The same thing was proposed in 2004, following a review by Justice Coulter Osborne. In fact, the same model is proposed for the Cooperative Capital Markets Regulatory System (CCMR) — if and when that effort gets off the ground.
While there’s not much optimism about the CCMR coming to fruition — at least, in the short term — Soliman said that the task force’s final recommendations won’t impede the creation of the CCMR.
“In fact, we are excited at the prospect of additional recommendations that we feel will set the stage much better for a future national regulator,” Soliman said.
In the meantime, David Brown, who was chair and CEO from 1998 to 2005, said he’s concerned about how such a separation could affect the OSC’s standing with the courts and, ultimately, the OSC’s ability to regulate.
Currently, securities regulators are accorded a lot of deference from the courts because the former are seen as experts, Brown said, adding that he worries that separating adjudication could erode this expert status — and thus judicial deference. That erosion could leave the OSC open to more second-guessing of its decisions in court, inviting more litigation and ultimately complicating enforcement, Brown said.
“I think keeping the tribunal as part of the [OSC] is very much a part of the structure. I think it’s working, and I think it would be a mistake to separate it out,” Brown said.
Veteran securities lawyer Phil Anisman has long advocated against separating the OSC’s tribunal from other components of the regulator’s mandate. In his submission to the task force, Anisman argued that there’s a significant benefit to housing policy-making and adjudication within the same agency.
When the OSC’s commissioners are involved in developing regulatory policy, they have a better understanding of the purpose of the rules, Anisman noted. This policy knowledge can help inform the OSC’s efforts to protect the public interest in their rulings, he suggested. At the same time, Anisman’s letter suggests, the OSC’s experience hearing cases can also help shape policy-making: “The benefits of this cross-fertilization have long been recognized.”
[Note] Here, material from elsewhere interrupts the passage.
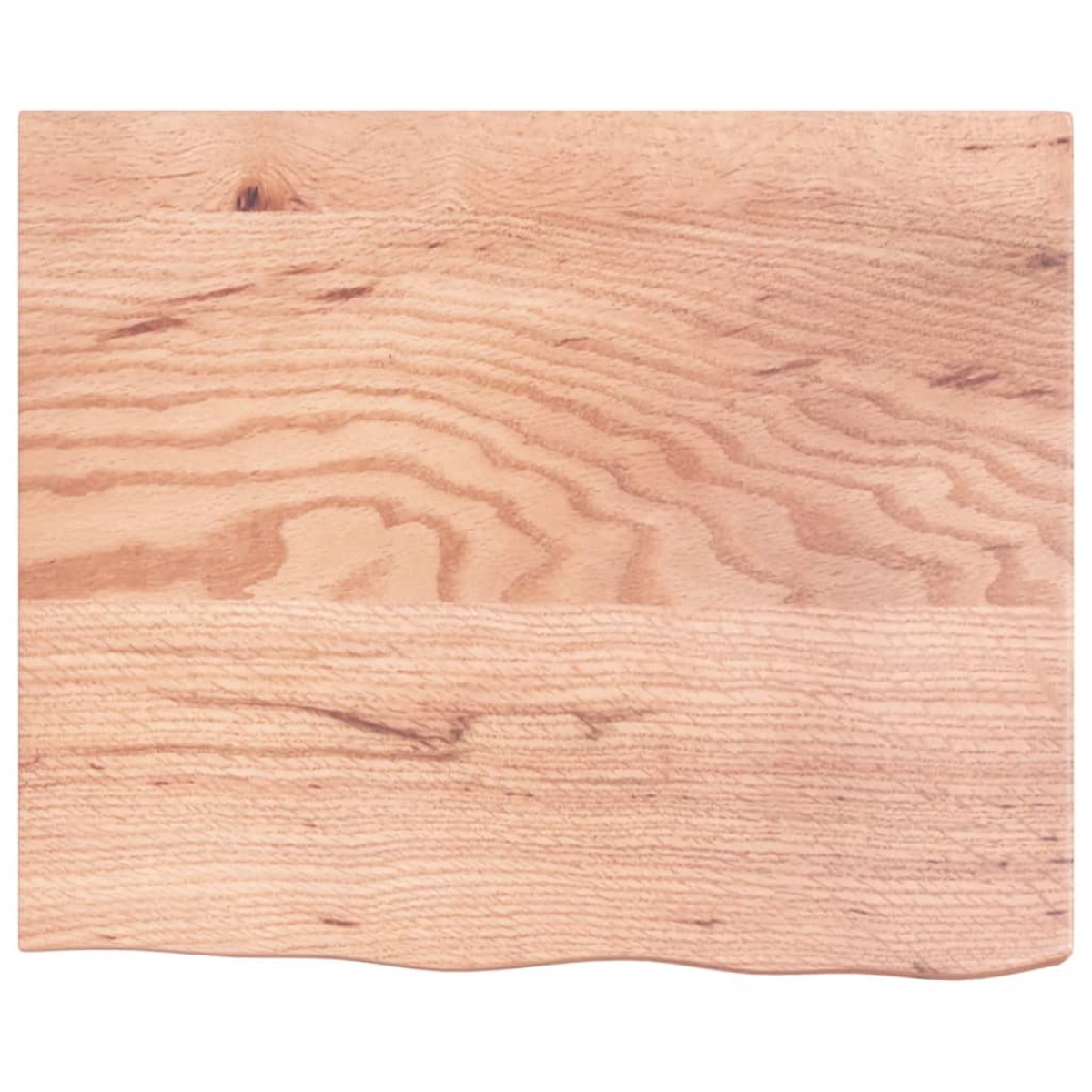 Give a new life to your table with this wooden table top. It is an excellent solution for freshening up your table at home or in a commercial setting. Solid oak wood: The tabletop is made of solid oak wood, which is a beautiful natural material. Oak wood has a medium brown colour and a dense grain, contributing to its unique look.Versatile applications: The replacement table top can be combined with different bases according to your needs.Treated surface: The replacement board has been varnished so it is ready for use as an additional finish is not required.Handmade with live edge: The DIY board is meticulously handcrafted, showcasing a live edge that adds to its natural charm. Every piece of shelf has its own unique character to display. The delivery is random, ensuring the exclusivity and individuality of your product. Good to know:As a natural product, wood may show knots and imperfections that we fill with black fillings to ensure a smooth appearance.

Back in 2004, the Osborne committee heard many of the same arguments and ultimately recommended that the OSC’s adjudicative function be separated. In making that recommendation, the committee cited concerns about the perception of bias that comes from an integrated tribunal. The government at the time accepted the recommendation, but never acted on it.
Time will tell if today’s government is prepared to follow through on the task force’s recommendations.